Cette hégémonie s'accompagnait d'une autre pratique tout aussi contestable : la vente liée. Pour accéder à Doctolib Téléconsultation, lancé en 2019, les professionnels de santé devaient obligatoirement souscrire d'abord à Doctolib Patient, le service de prise de rendez-vous. Il était impossible d'avoir l'un sans l'autre. Cette stratégie commerciale a produit un double effet, à savoir augmenter artificiellement le nombre de clients captifs sur Doctolib Patient, tout en privant les concurrents de nouveaux abonnés. Plusieurs acteurs comme Solocal ou Qare ont dû jeter l'éponge et abandonner le développement de leurs propres services de téléconsultation ou de prise de rendez-vous.

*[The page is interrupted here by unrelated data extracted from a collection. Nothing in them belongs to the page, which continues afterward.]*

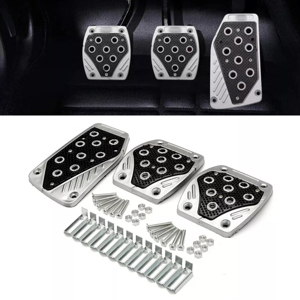3PCS Car Foot Pedals Pad Cover For Brake Clutch Accelerator Aluminium alloy+ PVC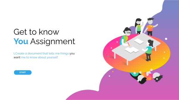 Make sure to organize the document to group like items together. Example if you're talking about your favorite activities and what you would like to get out of this class group any information about each together and format the family images as one color and the favorites as a different golor.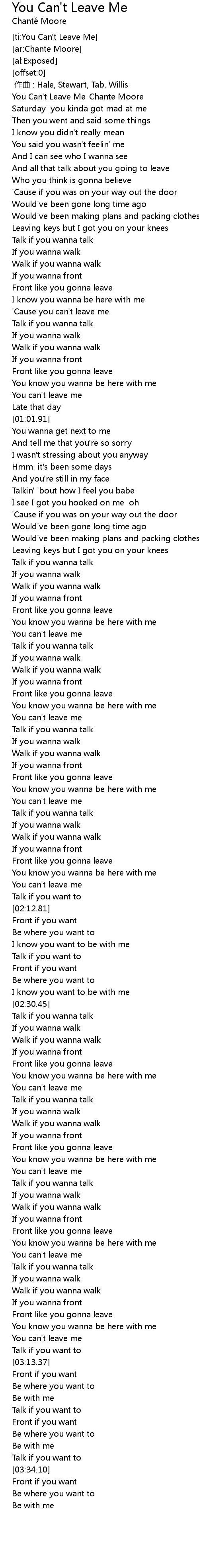 | [00:00.72] | You Can' t Leave MeChante Moore |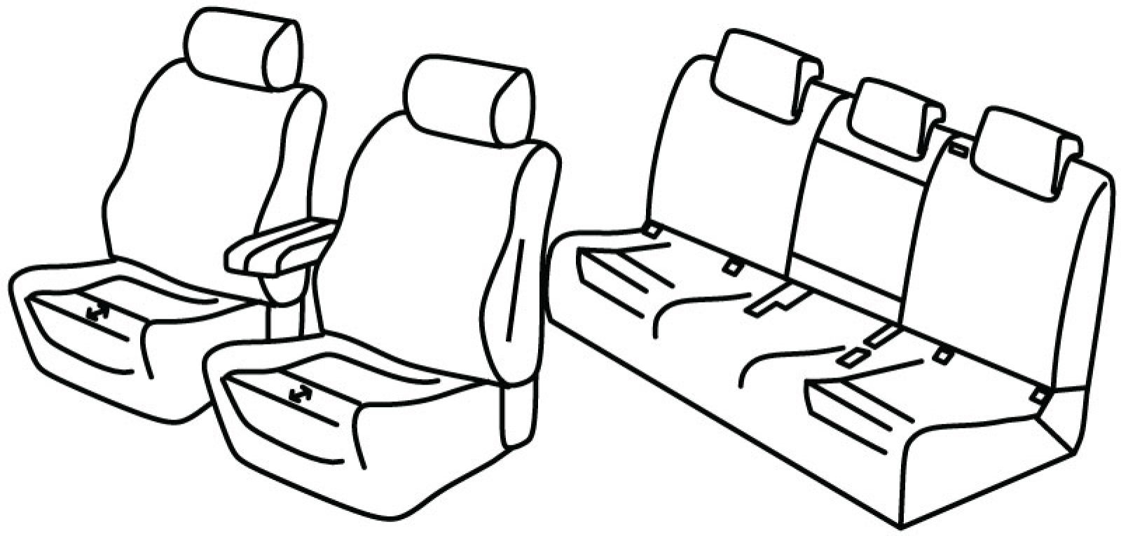 prednja sjedala ergonomska, prednja sjedala imaju izvlačni dio ali se presvlaka može postaviti samo na potpuno uvučena sjedala, prednji naslon ruke iz 2 dijela (nema presvlaku), poleđina prednjih naslona od plastike, airbag, stražnji naslon djeljiv 1/3+1/3+1/3, stražnje sjedalo u komadu, treći (srednji) pojas izlazi iz naslona, isofix povezan s presvlakom, stražnji nasloni za glavu su utopni (2+1)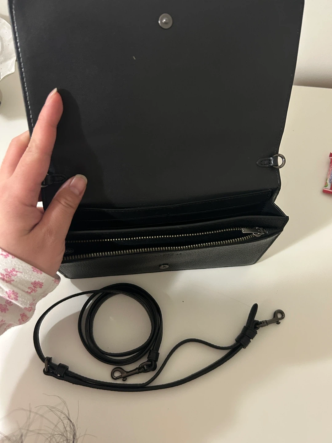 Black pebbled leather wallet with a cute floral and bow pattern. It comes with a detachable crossbody strap. Plenty of card slots and a zippered coin pocket inside.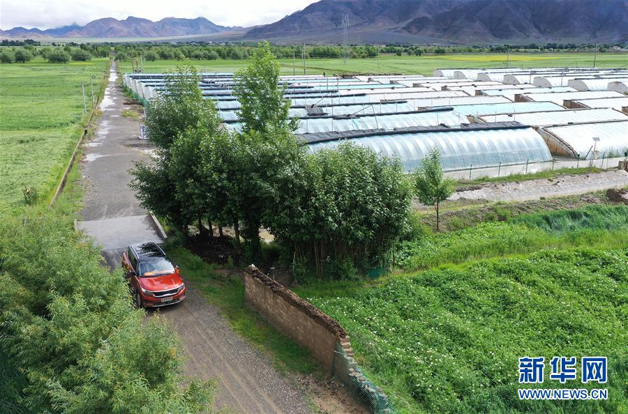 姐妹倆開(kāi)著剛買的小汽車將大棚出產(chǎn)的蔬菜運(yùn)往縣里的店鋪(無(wú)人機(jī)照片,8月3日攝)。新華社記者 李賀 攝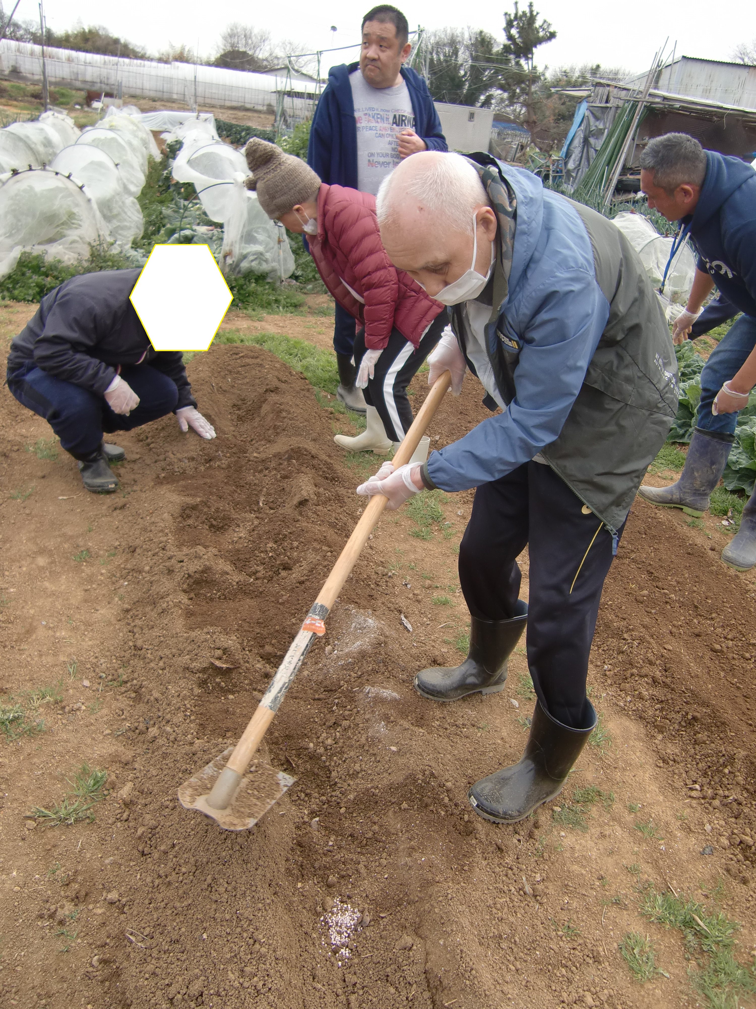 鍬で土をかけ、その後から手で綺麗にする!!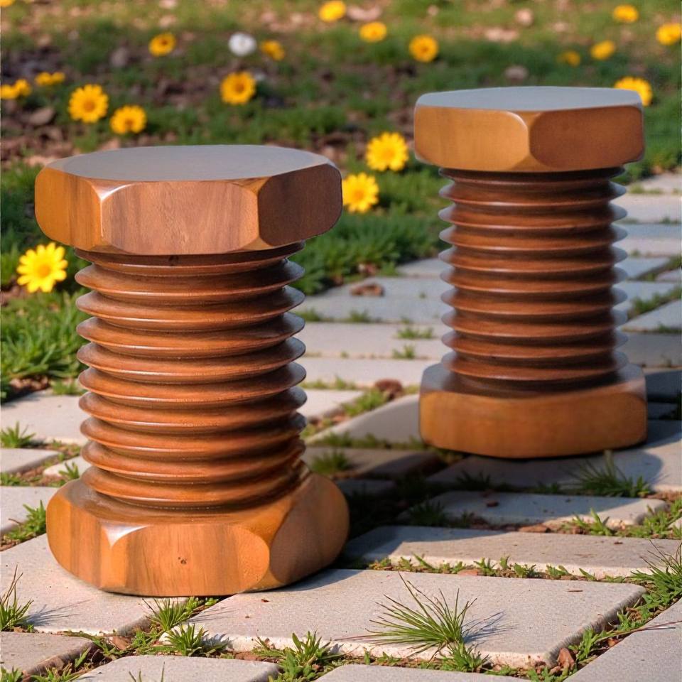 เก้าอี้สตูลไม้เนื้อแข็ง ทนทาน ทำมือ ขันสกรู
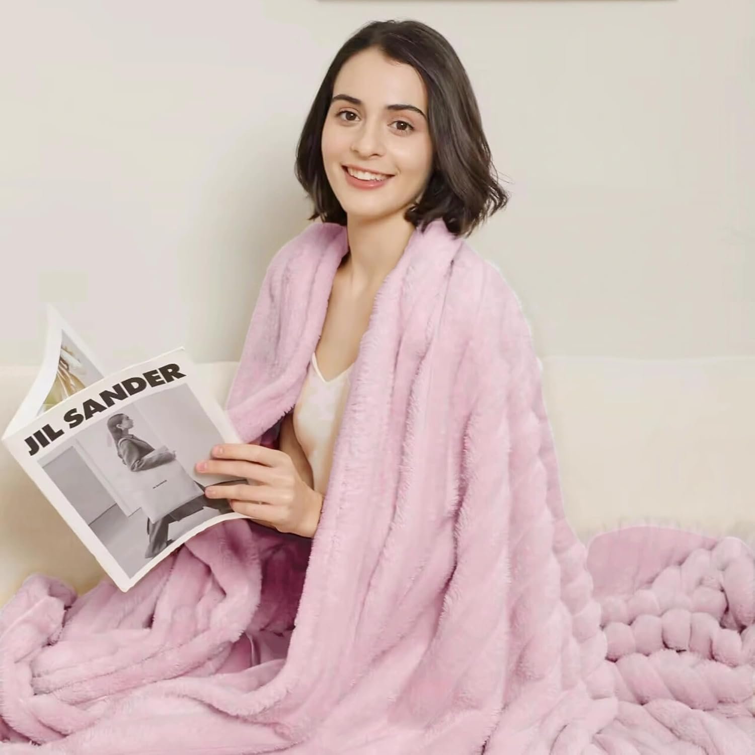 31 reviews for Aganear Fluffy Throw Blanket for Couch,3D Ribbed Jacquard Warm Fuzzy Blanket for Couch, Home Decor for Lightweight Cozy Soft Throw for All Seasons(Pink,50″×60″)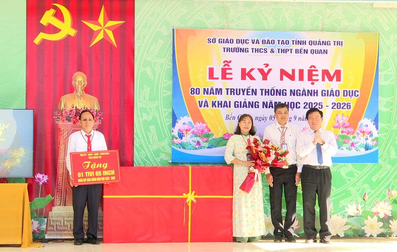 Nhân dịp khai giảng, Tỉnh uỷ, HĐND, UBND, Ủy ban MTTQ Việt Nam tỉnh Quảng Trị đã trao tặng nhà trường một tivi 65 inch. Món quà không chỉ là sự quan tâm thiết thực đến sự nghiệp giáo dục mà còn là nguồn động viên lớn đối với tập thể cán bộ, giáo viên và học sinh của trường trong việc đổi mới phương pháp dạy và học, ứng dụng công nghệ thông tin vào giảng dạy.
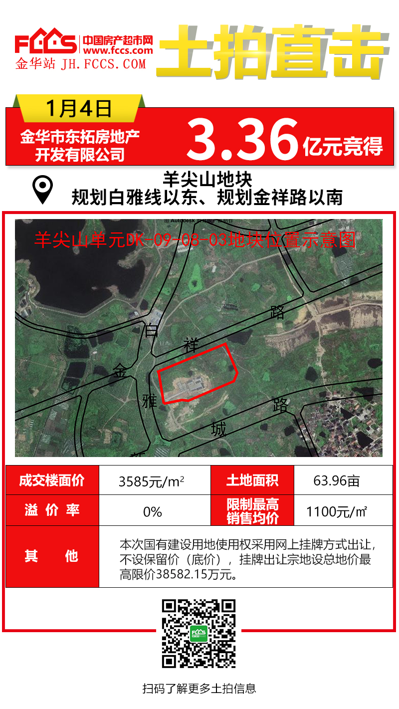 地块位于白雅线以东、规划金祥路以南,土地面积42637.11㎡,土地用途为居住/商业用地。规划容积率2.0-2.2,建筑密度≤22%,绿地率≥35%,建筑限高(住宅)≤30米。由东拓房地产开发有限公司以总价33632.15万元竞得,以**容积率2.2计算,成交楼面价3585元/㎡。
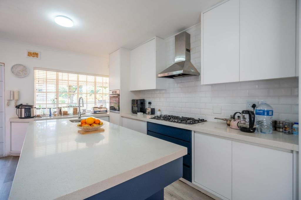 The kitchen is a culinary haven, featuring a central island, a high-powered extractor, a piped gas stove, and a built-in oven. A blend of grey and white cupboards with thick Caesarstone countertops perfectly complements modern living. The scullery area includes a double sink. Downstairs, you''ll find two spacious bedrooms adorned with natural sunlight, built-in cupboards, seating areas, and American shutters. Ascending to the upper level, you''ll discover the master bedroom, a sanctuary many dream of, complete with built-in cupboards, built-in USB chargers for your devices, reading lights, and an ensuite with a shower, basin, bathtub, and toilet featuring rocky finish flooring.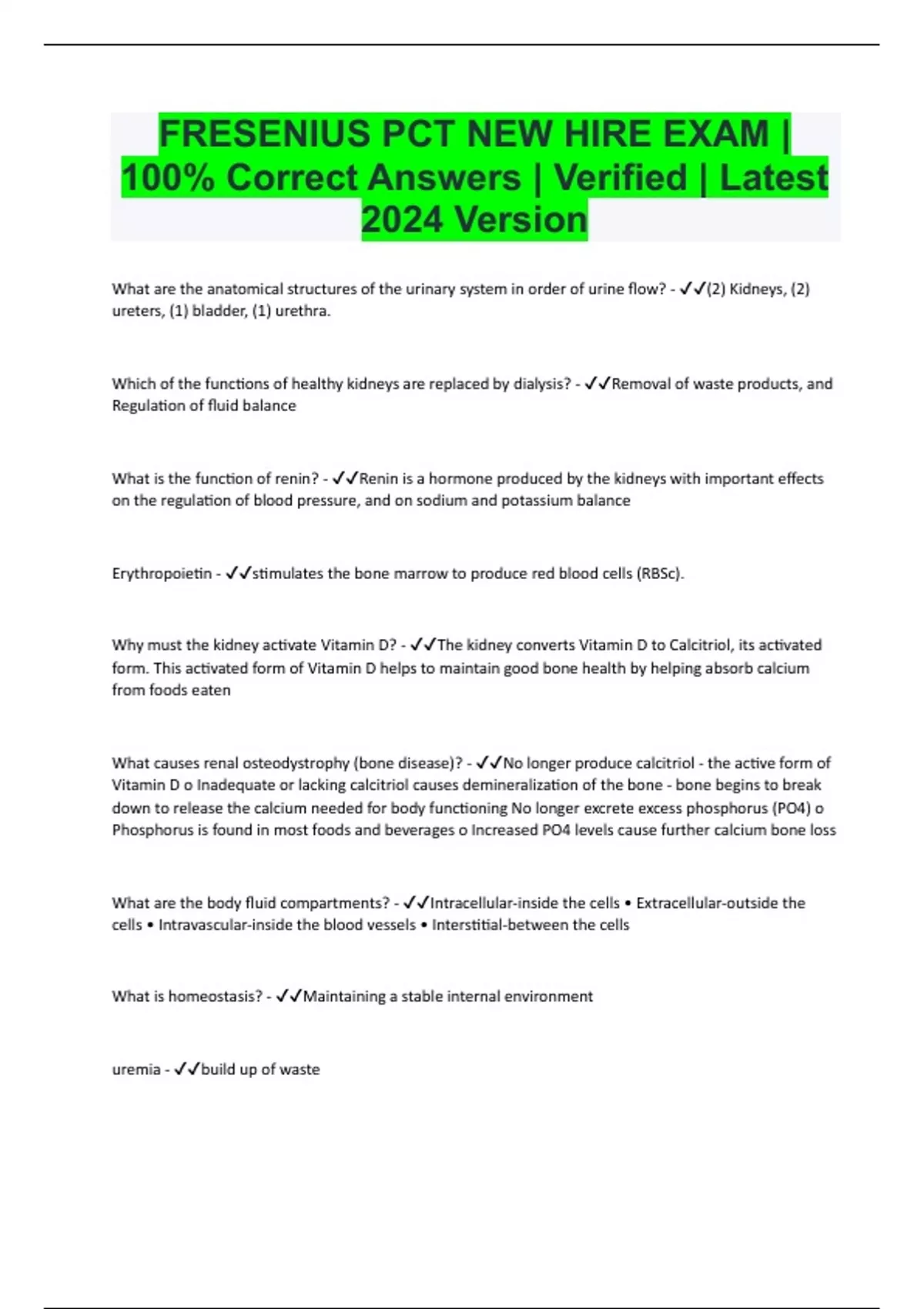 FRESENIUS PCT NEW HIRE EXAM | 100% Correct Answers | Verified | Latest 2024 Version

Doctolib aurait bien racheté MonDocteur pour éliminer son principal rival

En juillet 2018, Doctolib a rachète MonDocteur, alors qualifié dans ses documents internes de « concurrent #1 ». L'opération, trop modeste pour atteindre les seuils déclenchant un contrôle des autorités de concurrence, est passée sous les radars. Sauf que les perquisitions menées en 2021 ont révélé la vraie nature de cette acquisition. L'objectif n'était pas de récupérer les technologies ou l'expertise de MonDocteur, mais simplement de « killer le produit ». Un document interne le dit sans détour : « la création de valeur n'est pas l'ajout de l'actif MonDocteur mais sa disparition en tant que concurrent ». Doctolib ne voulait donc pas renforcer son offre, mais éliminer un rival gênant, du point de vue de l'autorité.

Les bénéfices de l'absorption ont été immédiats. 10 000 praticiens supplémentaires ont rejoint l'écosystème Doctolib du jour au lendemain. Doctolib voit dans cette opération un autre avantage de taille. Sans concurrent sérieux, plus besoin de se battre sur les prix. Plusieurs documents internes révèlent que l'entreprise comptait profiter de cette situation pour « réduire la pression sur les prix » et augmenter ses tarifs de 10 à 20 %. Mission accompli, puisque Doctolib a procédé à plusieurs hausses tarifaires successives, allant même au-delà de ses prévisions initiales (jusqu'à 23 % d'augmentation). Et ces hausses n'ont provoqué aucune fuite de clients, preuve que la concurrence était effectivement étouffée.

C'est la première fois que l'Autorité sanctionne une acquisition prédatrice en s'appuyant sur l'arrêt Towercast de mars 2023. L'amende atteint 4,615 millions d'euros pour l'exclusivité et les ventes liées, et 50 000 euros symboliques pour le rachat de MonDocteur (en raison du flou juridique d'avant 2023). Doctolib devra également publier cette décision dans Le Quotidien du Médecin. Un précédent qui pourrait redéfinir les règles du jeu pour les plateformes dominantes de la santé numérique.